Le 9 janvier 2007, Steve Jobs présentait son nouveau produit phare : l’iPhone. Dix ans plus tard, le smartphone a changé nos usages, et même toute l’économie du numérique.

Le lancement de l'iPhone en 2007 avait été un succès phénoménal
Le lancement de l'iPhone en 2007 avait été un succès phénoménal © AFP / Shaun Curry

“Aujourd’hui, nous vous présentons trois produits révolutionnaires : un iPod tactile à grand écran, un téléphone mobile révolutionnaire et un terminal Internet innovant (...). Et ce ne sont pas trois appareils séparés, c’est un seul produit. Et nous l’appelons : iPhone”. En trois minutes, le 9 janvier 2007, le patron d’Apple, Steve Jobs, présentait le fruit de longues années de recherche de ses équipes, et un appareil qui, selon lui, allait révolutionner le monde.

L’annonce d’un téléphone signé Apple était attendue de longue date. Depuis 1999 et le dépôt de l’adresse www.iphone.org par la firme à la pomme, les spéculations allaient bon train, régulièrement ravivées par les déclarations du patron superstar. Mais personne ne savait à quoi ressemblerait le fameux appareil.

Un appareil encore tâtonnant à ses débuts

L’annonce de l’iPhone a déchaîné les foules, sur place et dans la presse. Et pourtant, en coulisses, le prototype présenté lors de la “Keynote” de Steve Jobs fonctionnait à peine, rappellent Les Echos, et pouvait envoyer un e-mail puis lancer le navigateur web… mais pas l’inverse.

De même, les plus jeunes et les utilisateurs récents de l’appareil ne se souviennent peut-être pas de ce qu’était le premier modèle de l’iPhone, sorti en France le 29 novembre 2007. Sans 3G, doté d’un appareil photo médiocre par rapport à ce qui se faisait ailleurs, et limité à la dizaine d’applications Apple proposées par défaut, “il y a dix ans, l’iPhone n’était pas un produit mais une annonce”, analyse le site spécialisé iGeneration. L’annonce de ce qu’allait devenir l’univers de la téléphonie mobile, et plus globalement, d'Internet, alors même que la troisième fonction de l'iPhone, "un terminal Internet innovant", n'avait pas autant déchaîné les foules que les deux autres (iPod et téléphone).

Un tournant dans la culture numérique

Steve Jobs, décédé en 2011, a-t-il eu tort dans son pronostic ? Pas vraiment. L’iPhone a redéfini le standard des téléphones portables. Avant l’apparition du produit d’Apple, un smartphone était en général un téléphone à écran couleur, disposant d’un clavier complet et/ou d’un stylet pour contrôler un écran tactile. L’iPhone a popularisé le grand écran tactile grâce à la technologie multipoint qui rend l’écran réactif à la pression de plusieurs doigts à la fois (avant de revenir au stylet qu'il avait tant décrié, avec l'iPad pro).

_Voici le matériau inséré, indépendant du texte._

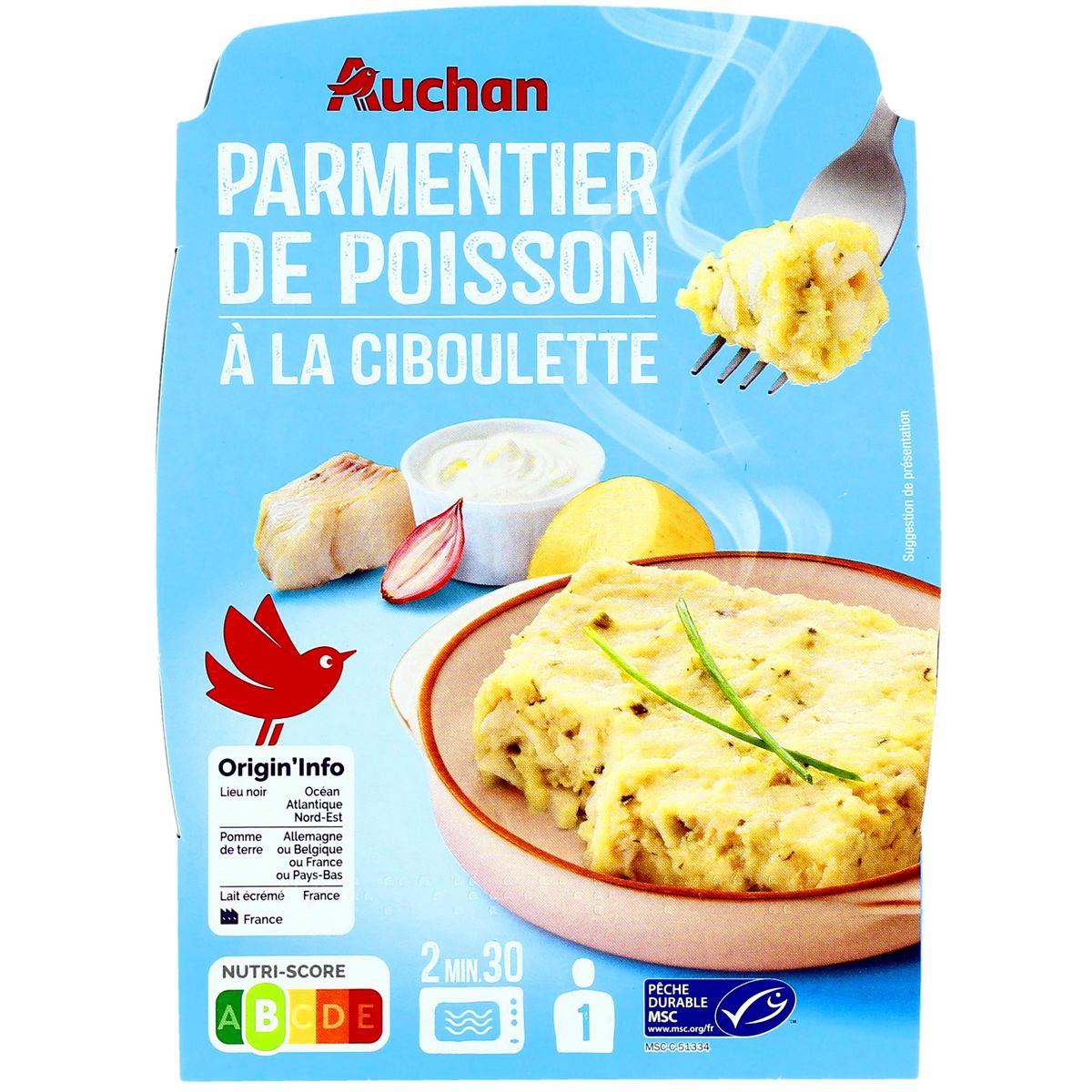 Ingrédients : LAIT écrémé réhydraté 35.5% (eau, LAIT écrémé en poudre - origine France), chair de lieu* noir - Pollachius virens 25.6% (POISSON), eau, crème fraîche 10% (LAIT - origine Allemagne ou France), flocons de pommes de terre 7.6% (pommes de terre déshydratées, curcuma, émulsifiant : mono et diglycérides d'acides gras), beurre (LAIT - origine UE) , huile de colza, échalotes 0.8%, sel, amidon de maïs, ail, ciboulette 0.2%, persil, poivre. *Lieu noir pêché en Océan Atlantique Nord-Est. Ce produit provient d'une pêcherie qui a répondu au référentiel environnemental du MSC pour une pêche durable et bien gérée. www.msc.org/fr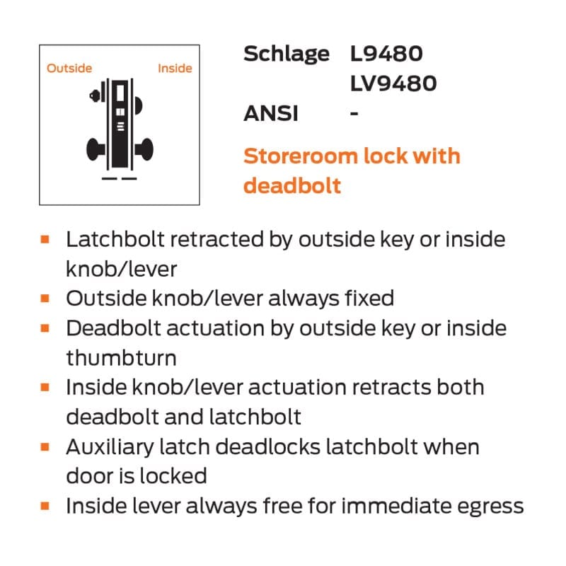 Schlage L9480P Storeroom Mortise Lock, 06A Design, Conventional Cylinder

Par conséquent, l’iPhone a démocratisé des gestes qui pourtant ne sont pas naturels, comme le balayage du doigt pour passer d’un élément à l’autre et le pincement pour agrandir. Des mouvements passés dans l’inconscient et la culture populaires, et vus régulièrement dans la pub, les clips vidéo ou même dans des œuvres d'art contemporain. De la même façon, l'assistant personnel Siri et son intelligence artificielle sont rentrés dans la culture numérique populaire.

Economie des applis et système fermé

En créant, un an plus tard, l’App Store, un magasin d’applications, Apple et son iPhone ont aussi révolutionné tout un pan de l’économie numérique. En 2015, la boutique Apple a généré 20 milliards de dollars de transactions… et c’est sans compter qu’il dispose de son cousin sur Android, le Play Store, qui génère près de deux fois moins de revenus.

Le tableau n’est pas tout rose pour autant. Car tout en révolutionnant le monde du mobile, Apple en a profité pour imposer son système d’exploitation, iOS, au monde entier. Or comme son grand frère MacOS, iOS est un système “fermé”, indissociable de l’iPhone. Et en plus, chaque application qui entre sur votre iPhone doit faire l’objet d’une validation d’Apple. Et c’est ainsi qu’adviennent des situations comme celle survenue en Chine il y a quelques jours, où l’application du New York Times a été retirée de lApp Store chinois, sur demande du gouvernement chinois.

Android, le système développé quelques mois plus tard par Google, s’est bâti une image de système plus modulable, en opposition avec iOS. Pourtant, même si contrairement à un iPhone, un téléphone Android peut recevoir n’importe quel système développé sur la même base, ce sont aujourd’hui Apple et Google qui se partagent une partie largement majoritaire des utilisateurs de smartphone (et donc leurs données personnelles).